Use the following command to train a logistic regression. It will do a grid search over a small space of hyperparameters and will report the scores for every case.

   cd mimic3models/decompensation/logistic/
   python -u main.py

Length of stay prediction

The best model we got for this task was trained for 15 chunks.

   cd mimic3models/length_of_stay/
   python -u main.py --network lstm_cf_custom --dim 256 --mode train --batch_size 8 --log_every 30

Run the following command to test the best pretrained neural network.

   python -u main.py --network lstm_cf_custom --dim 256 --mode test --batch_size 8 --log_every 30 --load_state best_model.state

Use the following command to train a logistic regression.
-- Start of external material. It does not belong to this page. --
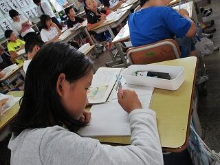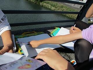 大瀬橋の上で、川の水の流れを見て確認し、川の流れや河原の様子をイラストや文にかきまとめました。理科の先生からの解説もきちんと聞きながら学習できておりました。

It will do a grid search over a small space of hyperparameters and will report the scores for every case.

   cd mimic3models/length_of_stay/logistic/
   python -u main_cf.py

Phenotype classification

The best model we got for this task was trained for 30 epochs.

   cd mimic3models/phenotyping/
   python -u main.py --network lstm_2layer --dim 512 --mode train --batch_size 8 --log_every 30

Use the following command for testing:

   python -u main.py --network lstm_2layer --dim 512 --mode test --batch_size 8 --log_every 30 --load_state best_model.state

Use the following command for logistic regression. It will do a grid search over a small space of hyperparameters and will report the scores for every case.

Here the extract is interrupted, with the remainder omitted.